ミーナちゃんが……、ウサギを抱き上げてる!!!
「ぼ、僕の(特等席)だぞッ!?」
あまりにも唐突な出来事に、美食家みたいに叫んでしまった。
ミーナちゃんに抱き上げられるのは、俺の特権やぞ! それを貴様ァ!ウサギ風情がぁ!
「デロちゃん、嫉妬ですか〜。 我慢してくださいよ〜、えへへ〜」
ミーナちゃんは、にやけながら呟く。
なんだろう? この喪失感。
まるで、弟や妹が生まれて間もない頃の兄姉のような感覚はッ!?
今まで、自分だけが独占していた愛情を、よく分からない新参に削がれたような気持ち。
俺が、ヤキモチを焼いているのか? 子ウサギ如きに?
そんなバカな! 転生する前は、もう高校生だぞ? 思春期も終わるような年やぞ?
子供みたいに嫉妬してるのか?
「いやぁああああ!!?」
俺は自分の感情を受け入れられなかった。
自分の情けなさが認められず、彼女達から逃げるように、宿屋を飛び出した。
俺は外に飛び出すやいなや、呆然と立ち尽くした。
なんか何も考えたくない気分だ。
ふて寝しないが、起きたばかりなので意味がない。
こう言う時には、ウサギに対する憎しみを込めて、何か呟きたいものだ。
何か、良い台詞は無いだろうか?
「 仔ウサギが……舐めてると潰すぞ……!?」
そう、それそれ!
……って、誰だ?
俺は声の聞こえた方に視線を移した。
「あの野郎……、私の、新お母様を奪いやがった」
俺の目の先には、何やら只ならぬ邪悪なオーラを纏った褐色少女がいた。
「あ、ダリアちゃまだ!」
俺はダリアに朝の挨拶をするも、彼女の眼中に俺は入って無いようだ。
ダリアは親指の爪を噛みながら、怨念や憎悪、嫉妬の篭った眼光をウサギがいるだろう方向に向けている。
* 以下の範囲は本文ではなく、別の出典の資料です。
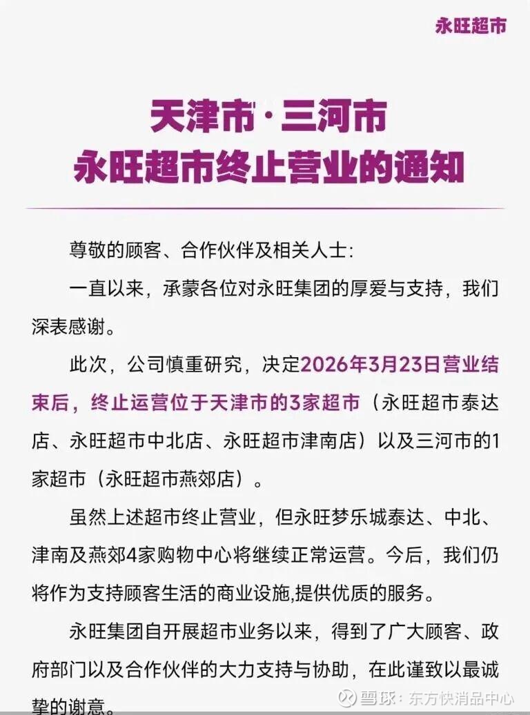 《快消品》了解到,此次终止营业的4家超市分别为天津区域的永旺超市泰达店、永旺超市中北店、永旺超市津南店,以及河北三河市的永旺超市燕郊店。上述4家门店均将于2026年3月23日营业结束后正式关停,闭店前相关门店将正常开展经营活动,消费者可正常购物、使用永旺购物卡,闭店后未使用完毕的购物卡,可前往天津永旺超市梅江店继续使用或办理退卡手续。
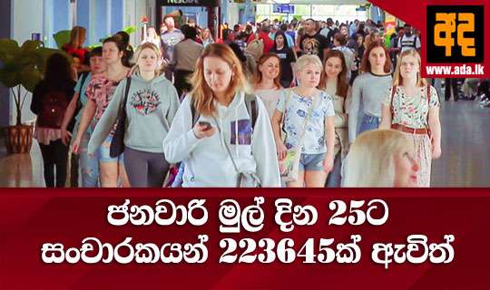 Read Moreමේ වසරේ ජනවාර මස පළමු වැනිදා සිට 25 දා දක්වා ශ්රී ලංකාවට සංචාරකයන් 223645 පැමිණ ඇති බව ශ්රී ලංකා සංචාරක සංවර්ධන අධිකාරිය පවසයි. ඒ අනුව ආසන්න වශයෙන් දිනකට ශ්රී ලංකාවට පැමිණ ඇති සංචාකයන් සංඛ්යාව ආසන්න වශවෙන් 8900ක් පමණ වෙයි. ජනවාරි මාසයේදී ශ්රී ලංකාවට වැඩිම සංචාරකයන් ප්රමාණයක් පැමිණ ඇත්තේ ඉන්දියාවෙන් වන අතර එම අගය 41 603කි.
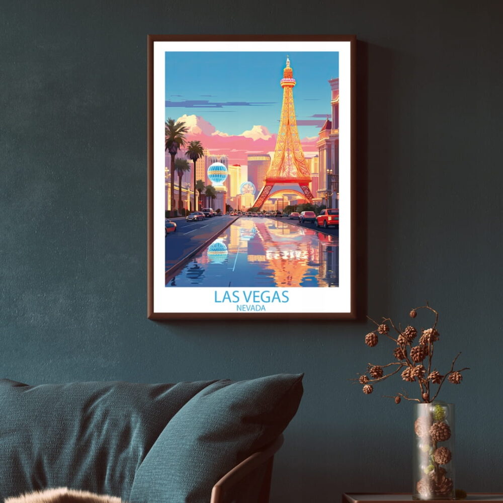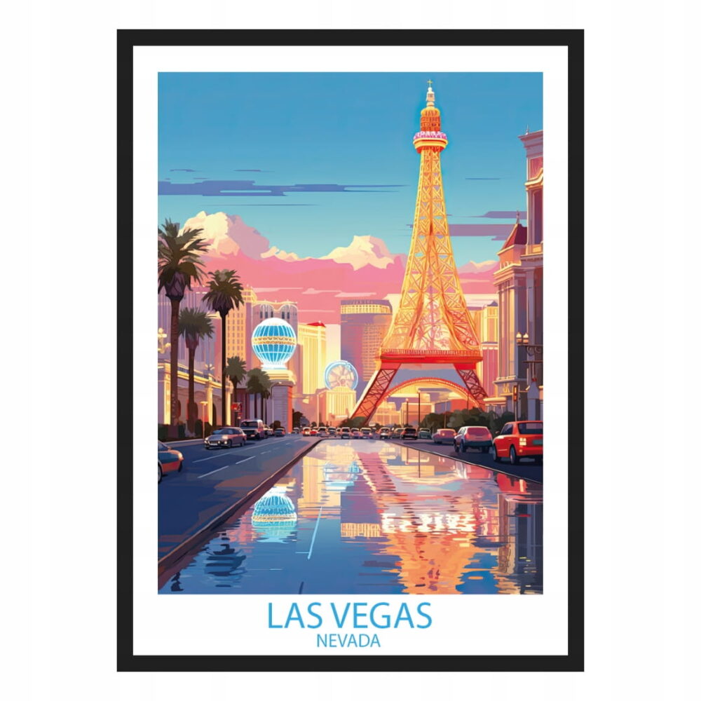 Plakat Las Vegas Nevada USA Stany Zjednoczone to elegancka dekoracja ścienna, która wniesie do Twojego wnętrza niepowtarzalny klimat. Wykonany z najwyższą dbałością o detale, łączy artystyczny design z profesjonalną jakością druku.
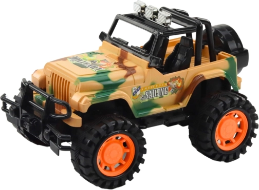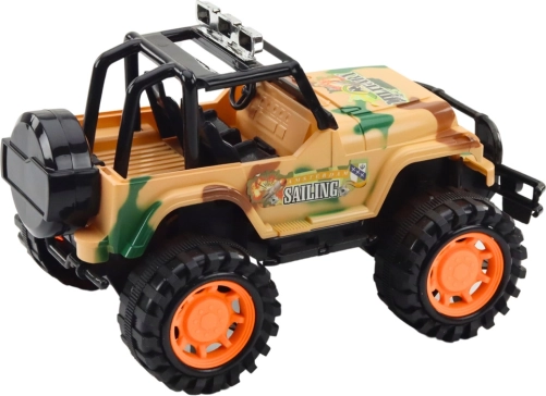 Dječji terenski auto u bež maskirnom stilu donosi puno akcije: ima povišeni podvoz, velike kotače s dubokim profilom i izdržljivu plastičnu konstrukciju za vožnju u kući i na otvorenom. Dimenzije vozila 25 × 16,5 × 15,5 cm.
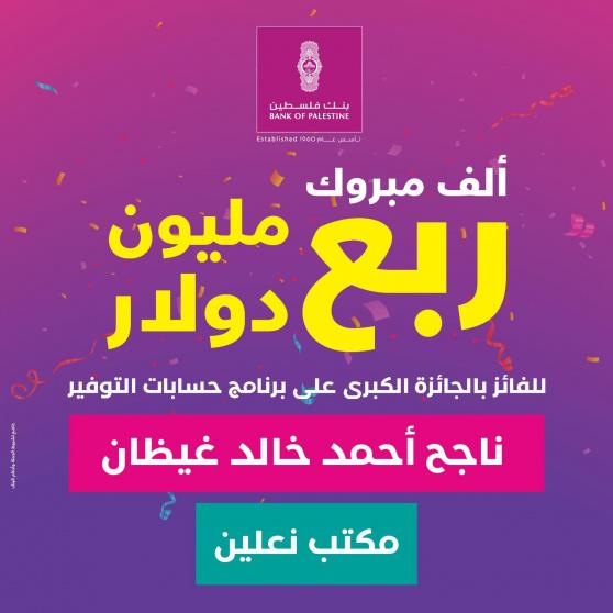 أعلن بنك فلسطين عن اسم الفائز بالجائزة الكبرى لحسابات التوفير الشهرية، والتي تبلغ قيمتها 250 ألف دولار أمريكي، وذلك ضمن الحملة التي أطلقها بنك فلسطين على برنامج حسابات التوفير في كافة فروعه المنتشرة بمختلف محافظات الوطن.
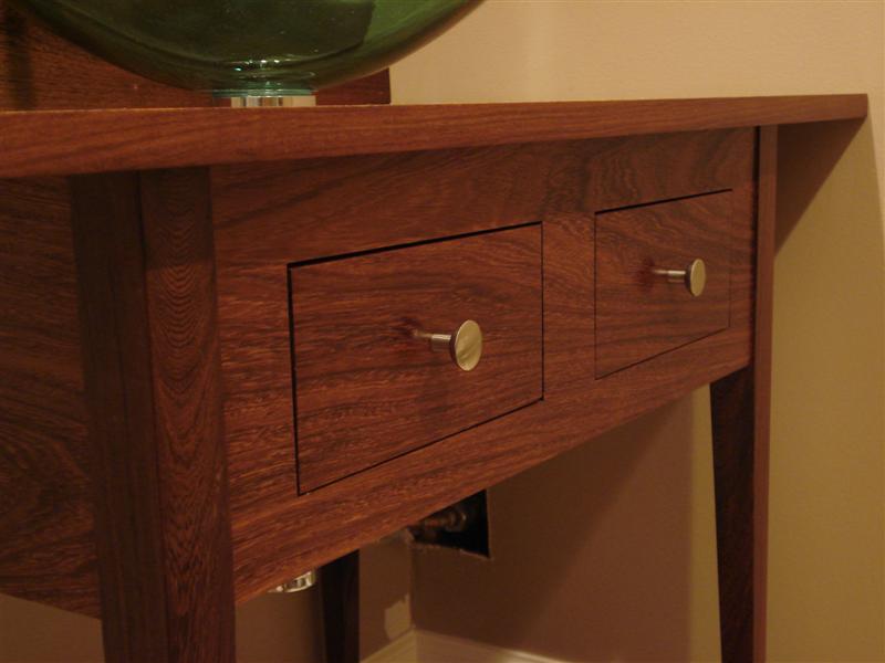So here’s Phase 1 of my Second Floor Bath Project. The primary wood is panga panga and the secondary wood is white oak.

そういえば、あのウサギの周りにダリアちゃまは居なかったね。
俺より闇が大きいダリアちゃまの姿を目にしたことで、逆に正気に戻れた気がする。
俺は、こっそりと窓からウサギとその周りに集うミーナちゃんやシオン達を観察する。
「ちっ……見れば見る程、憎たらしい! 妬ましい! 」
いつのまにか、俺の背後で、ダリアちゃまもウサギ達の様子を見ているようだ。
「無条件で愛される奴は嫌いなんだよ……!」
そんな君には、丑の刻参り初心者用、スターターデッキをプレゼントしてやろう!
ダリアはずっと小声で「妬ましい、妬ましい」と呟いている。
グリーンアイの橋姫かな?
ダリアちゃまの目は完全に血走っている。
何をいつ何時、何をしでかすかわかったもんじゃない。
「絶対、あのウサギはげっ歯類連合に決まっとる! 今すぐ化けの皮を剥がしたるでー!」
俺は、何をしでかすかわからないと言ったが、流石に今、やらかすのはヤメテヨー!
心の準備出来てナイヨー!
ダリアちゃまが、宿屋に突貫した。
「おいバカ! そんな派手な事したら、姫だとバレるぞ!」
全然レイラと似てないと思っていたが、無策で突貫するという共通点があるので、やはり血を分けた双子の姉妹なのだと、俺は納得した。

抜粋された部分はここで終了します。